Tsvangirai Misses SADC Troika Meeting On Zimbabwe
Zimbabwean opposition leader Morgan Tsvangirai will not attend today’s summit of the regional SADC grouping’s security Troika, derailing efforts by the body to resolve Zimbabwe’s political crisis.
Tsvangirai’s Movement for Democratic Change (MDC) party said he and his team of negotiators were not attending the summit in Swaziland after President Robert Mugabe’s government denied the opposition chief a passport to leave the country, giving him an emergency travel document valid for three days only.
The MDC urged the Southern African Development Community (SADC) to convene an extraordinary summit to look into Zimbabwe’s deadlocked power-sharing deal.
“He is not going. He was denied a passport,” MDC spokesman Nelson Chamisa told ZimOnline in Harare. “Our negotiators are also no longer going to Swaziland. They cannot go in the absence of our principal.”
Mugabe’s government has refused to issue Tsvangirai with a new passport for over three months after his old one was used up.
MDC chief negotiator Tendai Biti, who was in South Africa on his way to Swaziland before abandoning the trip, told journalists Mugabe and his ruling ZANU PF party were not ready for a unity government outlined under the September 15 power-sharing deal.
Biti said: “ZANU PF is not ready for a corporate government. It is continuing to work as if everything is normal in the country which is full of total collapse on all sectors . . . that is why we are saying its time that a full extraordinary summit for SADC must be held to look on the issue of Zimbabwe.
“We want an extraordinary SADC summit to look at the outstanding issues and to say enough is enough to ZANU PF and Robert Mugabe . . . SADC has that capacity to put a full stop to the crisis in Zimbabwe.”
Today’s meeting of the heads of state of Angola, Swaziland and Mozambique – comprising SADC’s organ on politics, defence and security – is aimed at trying to help Zimbabwe’s political rivals break a deadlock in negotiations on forming a Cabinet.
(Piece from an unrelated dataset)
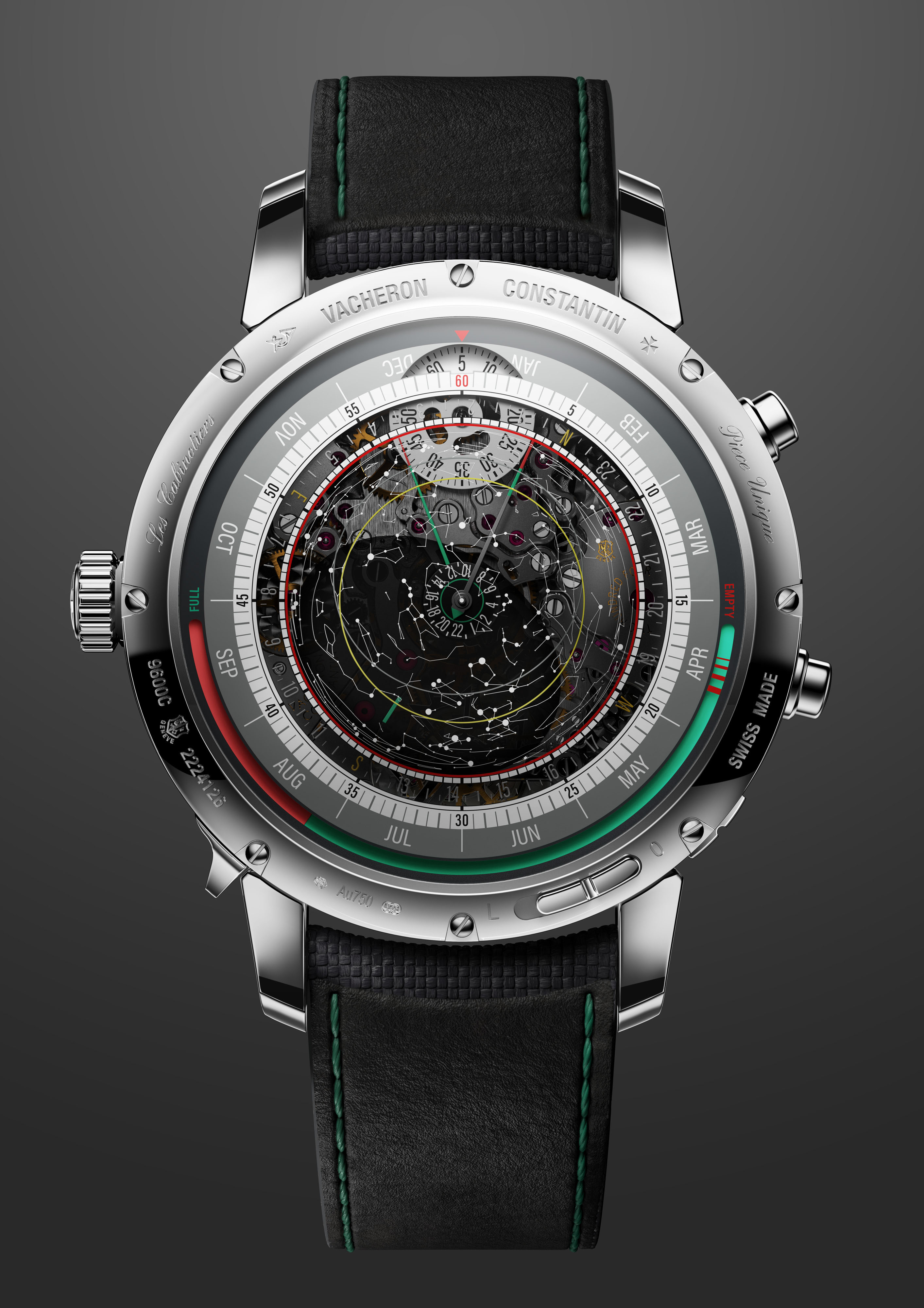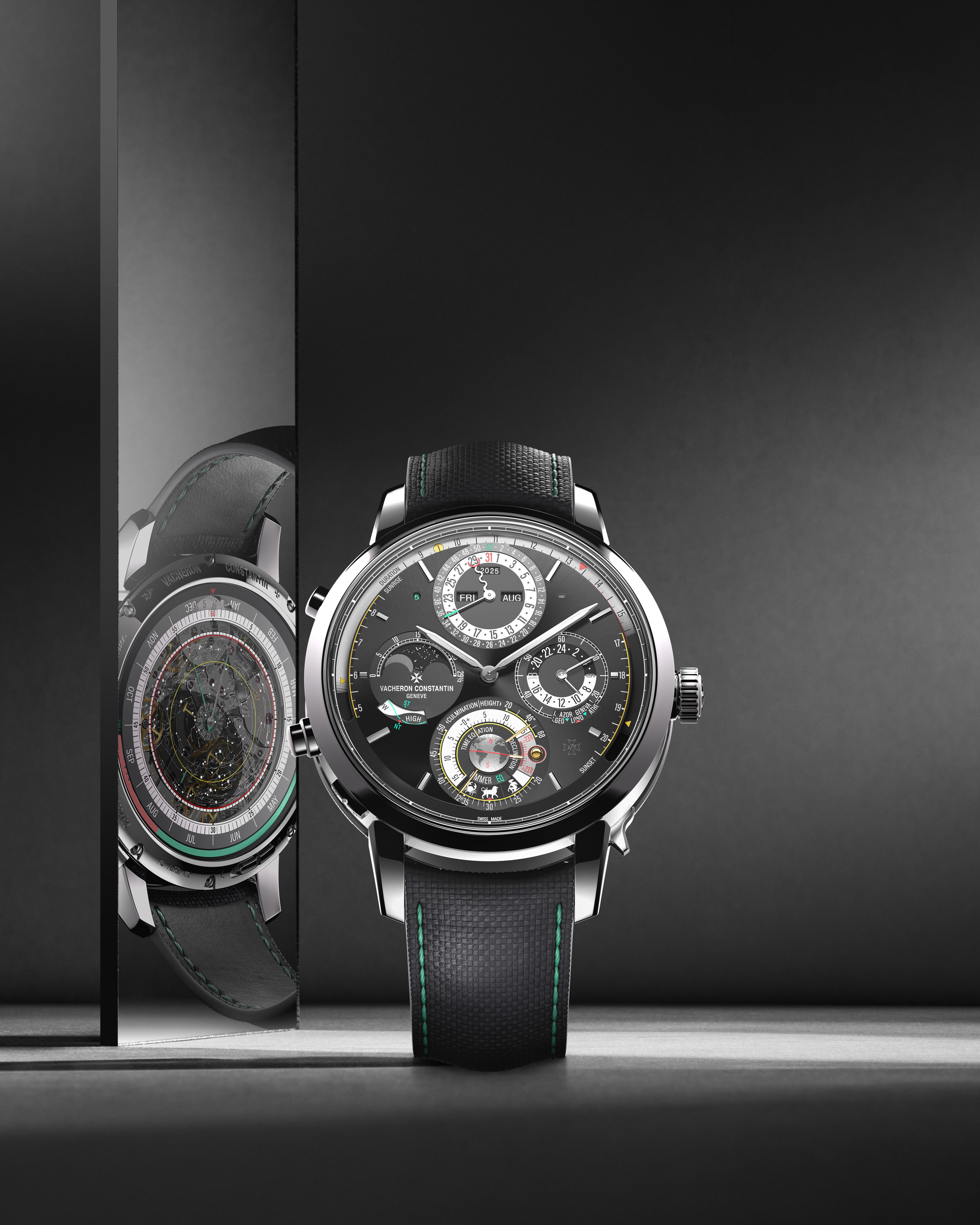 製錶業界已經很久沒有出現這樣的大場面──江詩丹頓將超複雜懷錶的設計,直接縮小成腕錶等級,能在一只腕錶中塞進41項複雜功能,多達1,521枚零件,絕對也是創紀錄的成就,不過當然也用掉了腕錶正反兩面的所有空間。至於是哪41項功能,如果一一列出那這整頁文字都不用寫了!我們挑重點說:西敏寺鐘聲三問報時、萬年曆、世界時區、陀飛輪、雙追針計時碼錶、能同時顯示標準時/太陽時/恆星時的三種讀時模式、全球首創天體追蹤功能、動力儲存顯示……
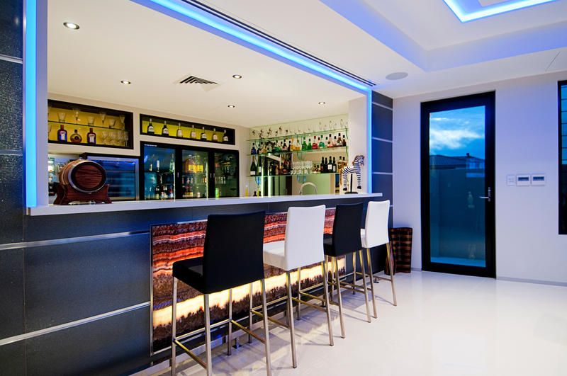 MOVIE ROOM: The movie room contains an elevated lounge area to allow a true Cinema feel, surround sound system and mood lighting ensures the perfect viewing ambience, the bar completes the entertaining experience.

Mugabe arrived in Swaziland’s capital, Mbabane, on Sunday evening.
ZANU PF chief negotiator Patrick Chinamasa told journalists before leaving Harare that Mugabe’s party would resist any attempts by the SADC troika to dictate how the Zimbabwean parties should share key ministries in a unity government.
Zimbabwe’s historic power-sharing deal that was brokered by former South African President Thabo Mbeki on behalf of SADC retains Mugabe as president while Tsvangirai will become prime minister. Arthur Mutambara, who heads a splinter faction of the MDC, becomes deputy prime minister.
The agreement allots 15 Cabinet posts to ZANU PF, 13 to the Tsvangirai’s MDC and three to Mutambara’s faction.
However it is silent about who gets which specific posts and the rival parties have since the signing of the agreement wrangled over who should control the most powerful ministries such as defence, finance and home affairs.
Mugabe two weeks ago unilaterally allocated all powerful ministries to ZANU PF and Tsvangirai – who insists the MDC will not accept a junior role in the unity government – has said he will quit the deal if the veteran President does not reverse his decision on ministries.
A new government in Zimbabwe will have to move with speed to end an unprecedented economic crisis that is highlighted by the world’s highest inflation of 231 million percent, acute shortages of food, fuel, electricity, hard cash and every basic survival commodity.